中本裕之 正員 (株)富士通研究所IoTシステム研究所

Hiroyuki NAKAMOTO, Member (IoT Systems Laboratory, Fujitsu Laboratories LTD., Kawasaki-shi, 211-8588 Japan).

電子情報通信学会誌 Vol.102 No.5 pp.403-407 2019年5月

©電子情報通信学会2019

abstract

 多くのデバイスの情報を収集・分析するIoTシステムにおいて,その導入・運用には,デバイスへの電源供給方法,すなわち,電源設置工事や電池交換のコスト増加が大きな課題となる.本稿では,デバイスのメンテナンスコスト削減に有効な,太陽電池でデバイスを駆動するパワーマネジメント技術について紹介する.従来の電源変動を抑制する手法とは異なり,動作可能な範囲内でその変動を許容する電源制御が特徴である.本技術を無線ビーコンに適用し,44lxの暗所での動作,SIGFOXを利用した約7kmの長距離通信が,親指サイズの小さな太陽電池で実現できることを確認した.

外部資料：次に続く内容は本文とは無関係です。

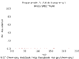 Below are spectra of propanil. The first is an IR spectrum of propanil in its gas phase. The second is a mass spectrum of propanil. You can clearly see the parent molecular ion peak is positioned close to the recorded molecular mass of propanil - 218.08amu. There are two chlorine atoms in this compound, and peaks due to the different isotopes of chlorine, namely Cl35 and Cl37, are responsible for the lack of a clear single parent molecular ion peak. The recorded molecular mass of propanil takes into the account the differing masses of the 2 isotopes of chlorine and their relative proportions (approximately 75% 35Cl and 25% 37Cl).

キーワード:パワーマネジメント,太陽電池,メンテナンスフリー,無線ビーコン

1.開発の背景と目的

 近年のデバイス性能の飛躍的な向上と通信規格の低消費電力化により,高性能なセンシングデバイスが安価に入手できるようになり,Internet of Things(IoT)としてのデータ普及が拡大している.2021年には,100億台以上のモバイルデバイスがネットワークにつながるという予測もあり(1),多くのセンシング情報から価値を見いだすためのアルゴリズム開発やArtificial Intelligence(AI)を用いた分析にも注目が集まっている.

 一般的なIoTを用いたシステムは,図1に示すように,現場(フィールドエリア)から取得したセンシングデータを,ゲートウェイや基地局を経由してクラウドやサーバに送り,そこで分析や予測が行えるように構成されている.あるいは,受信したデータを基にゲートウェイで簡単に処理できる場合は,クラウドを使用せず,IoTデバイスとゲートウェイを用いてサービスを実現することも可能である.例えば,美術館の作品近傍にBluetooth Low Energy(BLE)等の近距離無線送信が可能なビーコンを各々設置する場合は,スマートフォンを用いた作品紹介サービスが実現できる.